- Apr 19, 2026
On January 15, the Supreme Court ruled that American investment firm Tiger Global must pay taxes in India on profits from the 2018 sale of its shares in Flipkart. This overturned a previous Delhi High Court ruling from 2024, which had allowed tax exemption under the India-Mauritius tax treaty.
The Supreme Court adopted a stricter interpretation of tax treaties. It stated that simply having a tax residency certificate is not sufficient to qualify for treaty benefits. Offshore investment structures deemed to lack actual business operations could be denied tax exemptions. Experts fear that this may increase the risk of tax liability for future share sales and discourage foreign investment.
Legal and tax specialists noted that the ruling allows authorities to scrutinize many past transactions previously considered settled. Anonymous lawyers mentioned that clients are worried that transactions they believed resolved might now face re-investigation.
The Tiger Global case began in 2018 when Walmart acquired Flipkart. Tiger Global sold its roughly 17% stake for approximately $1.6 billion through three Mauritius-based entities. The firm argued that its investment was made before 2017 and thus eligible for tax exemption. However, Indian tax authorities contended that these Mauritius entities were used to avoid taxes without real business activity.
The Supreme Court ultimately ruled in favor of the tax authorities, emphasizing the sovereign right of the state to tax income generated within the country. The ruling’s implications extend beyond Tiger Global, putting many old investments via Mauritius and other countries at risk. While India and Mauritius amended the tax treaty in 2024, it applies only to future agreements.
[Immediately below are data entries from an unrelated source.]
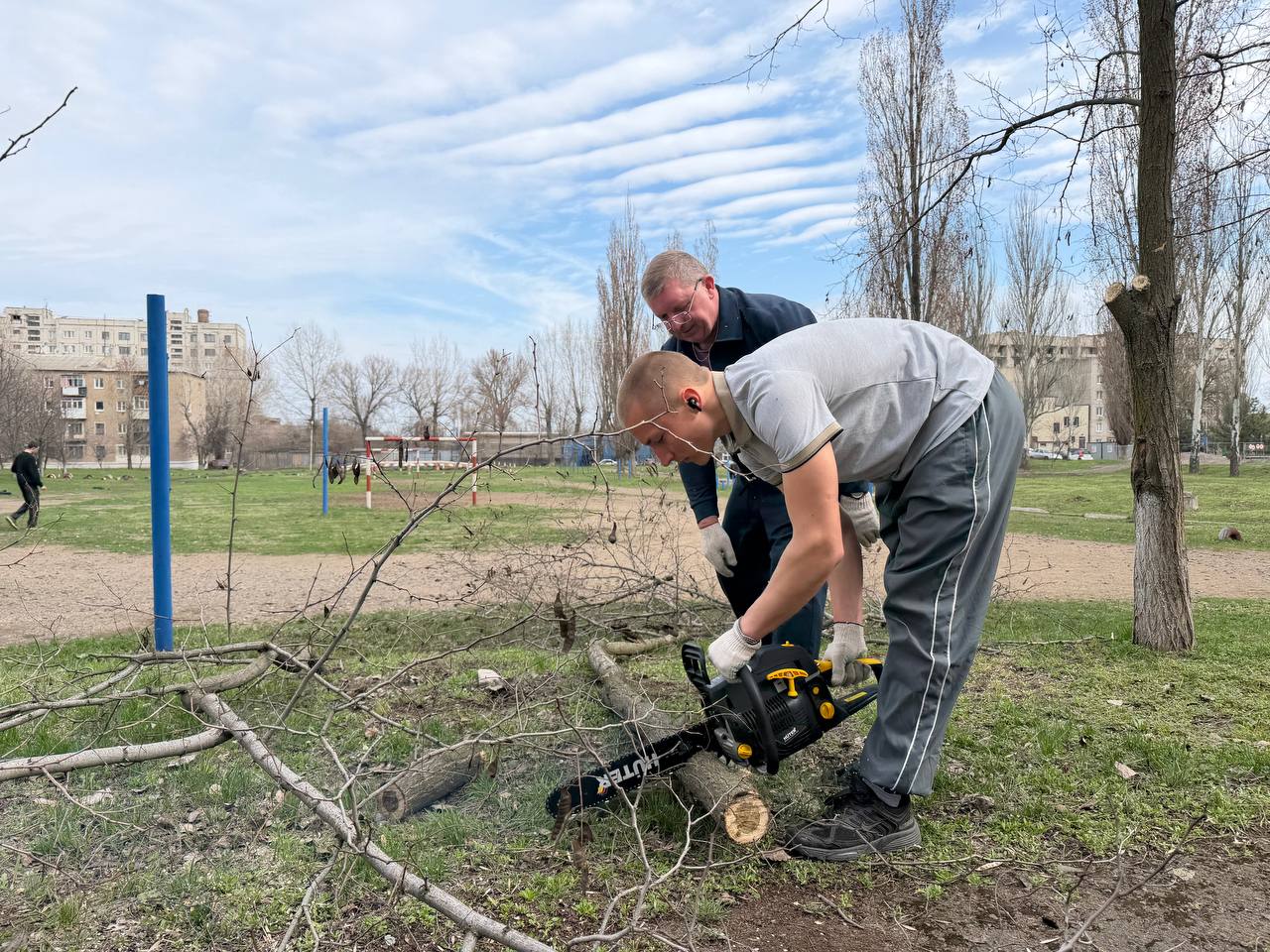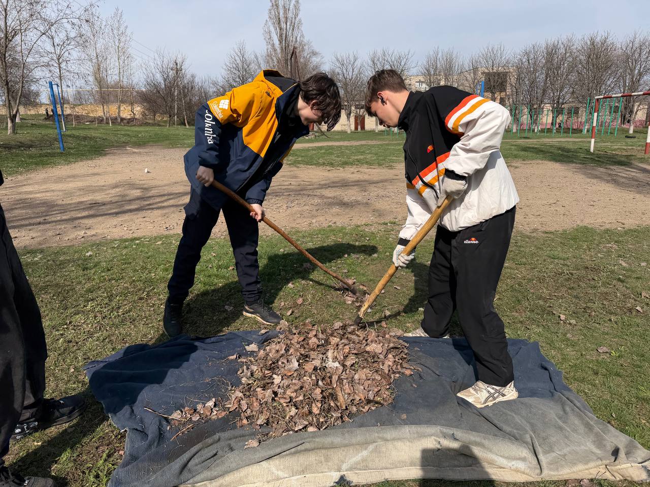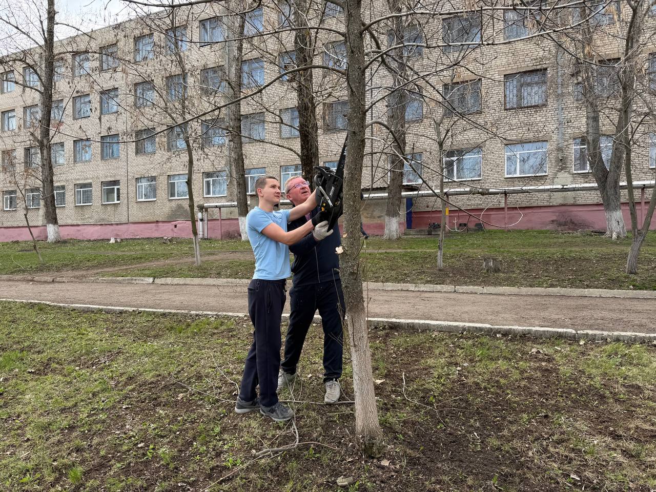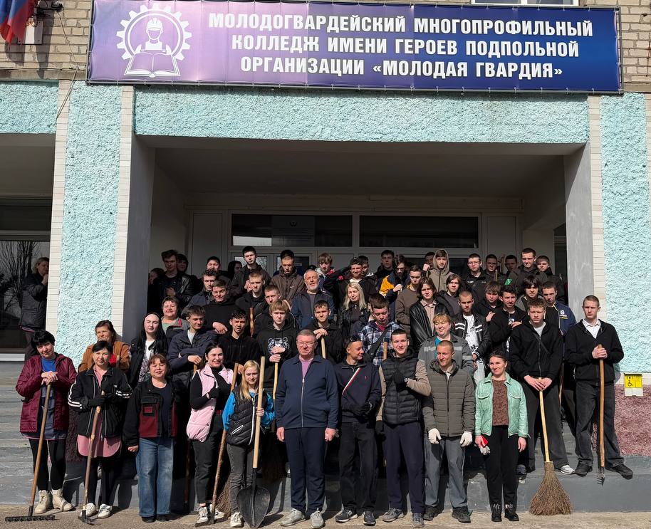 Фотофакт: В Молодогвардейском многопрофильном колледже имени героев подпольной организации «Молодая гвардия» продолжается активная работа по благоустройству территории учебного заведения.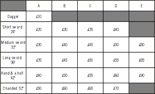 When ordering scabbards please include dimensions of sword blades Prices are based on the total length of the sword - NOT the blade length. Also, please specify right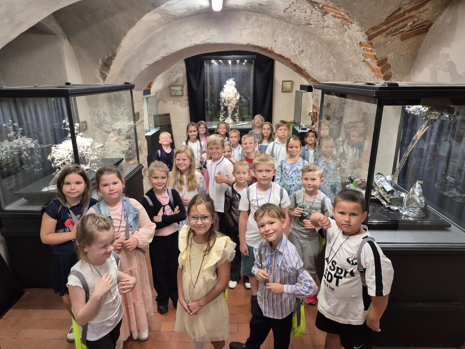 Arī šogad jaunie pirmklasnieki iepazinās ar Sudraba muzeja ekspozīciju, kurā izstādīti O.Auzera mākslas darbi.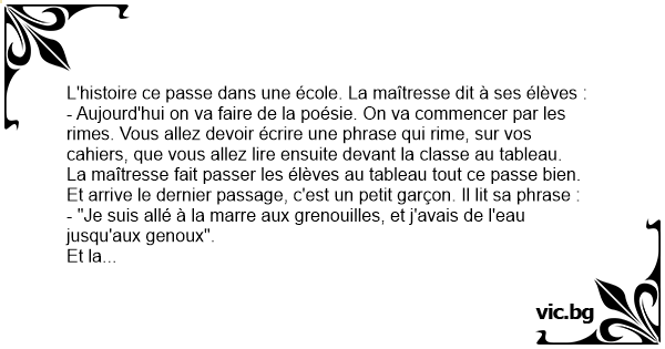 La maîtresse fait passer les élèves au tableau tout ce passe bien. Et arrive le dernier passage, c'est un petit garçon. Il lit sa phrase :
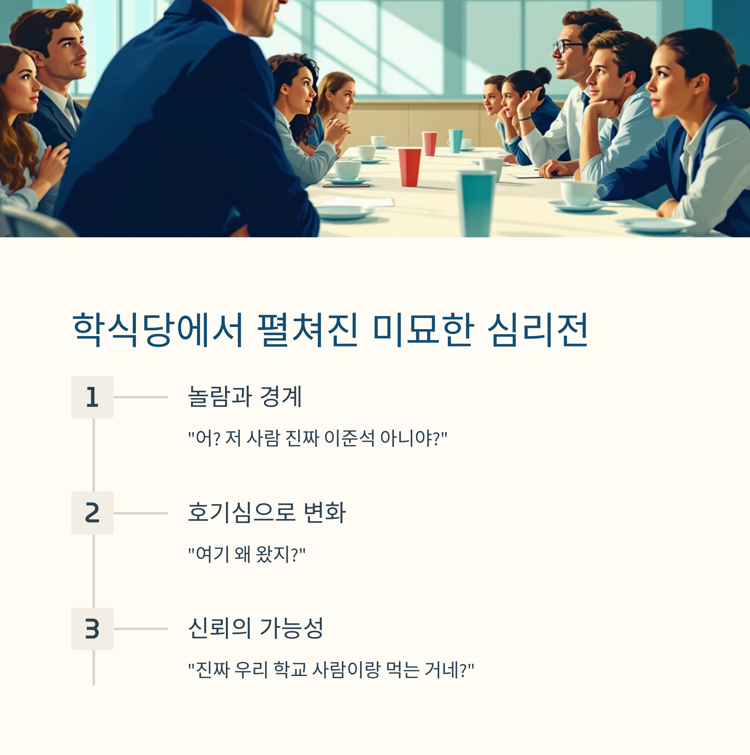 학식당 구석 테이블에서 속삭이던 학생들은 처음엔 놀람과 경계를 보였지만,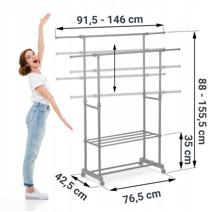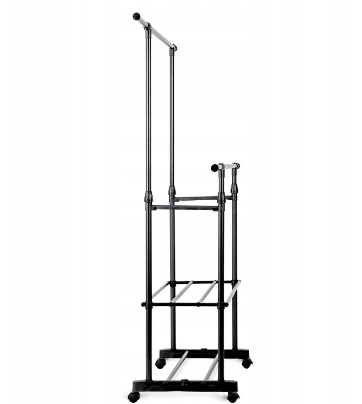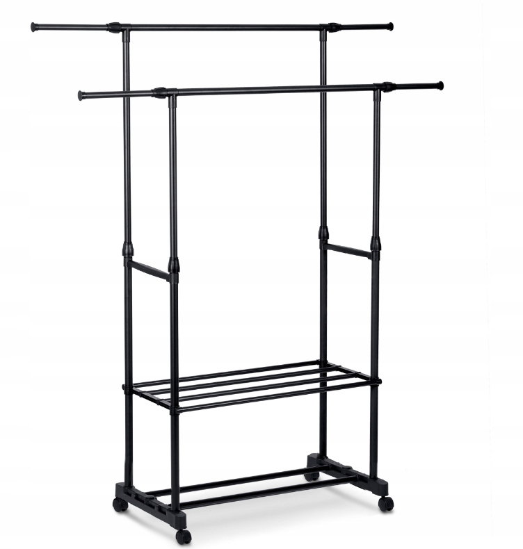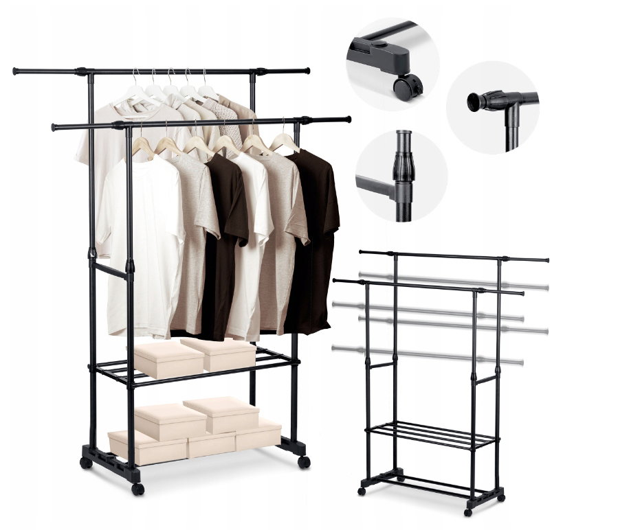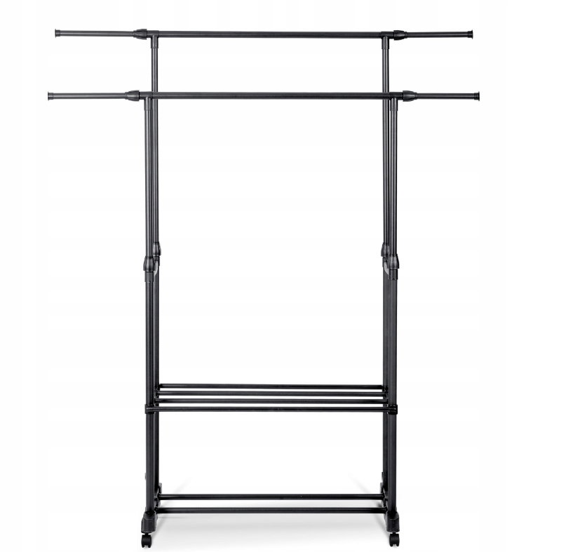 WIESZAK NA UBRANIA PODWÓJNY SZAFA STOJĄCA GARDEROBA NA KÓŁKACH 91,5-146CM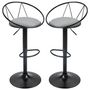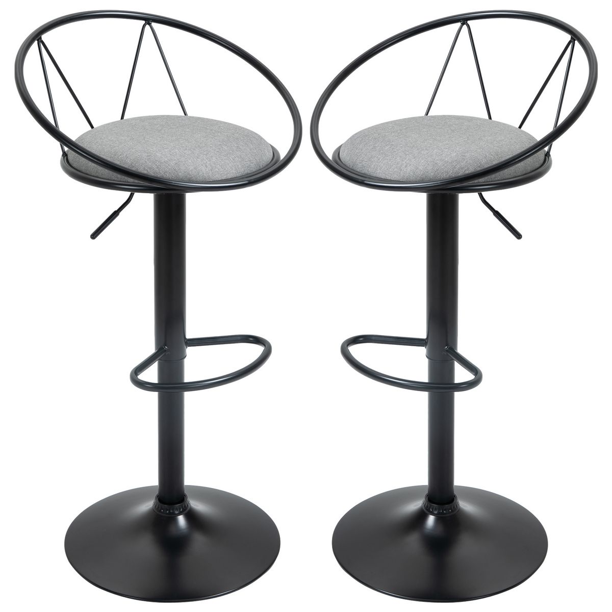 Lot de 2 tabourets de bar design néo-rétro réglable pivotant avec repose-pied métal noir lin gris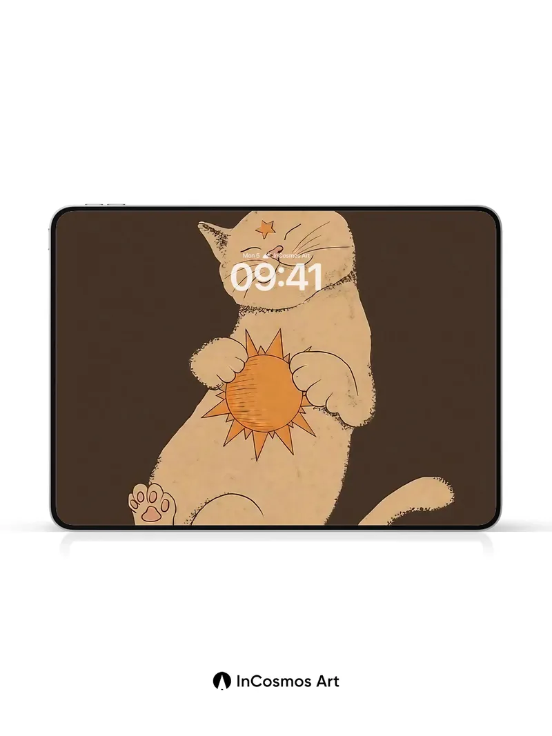 Serenity Sunbeam Wallpaper with Star-Eyed Cat

India has historically attracted foreign capital through tax exemptions and other incentives. Government data shows that nearly $180 billion has come from Mauritius alone between 2000 and March 2025. Long-standing debates about tax avoidance and misuse of offshore structures persist. Analysts warn that this recent ruling may weaken investor confidence and negatively impact new investment flows, particularly amid global trade tensions and geopolitical risks.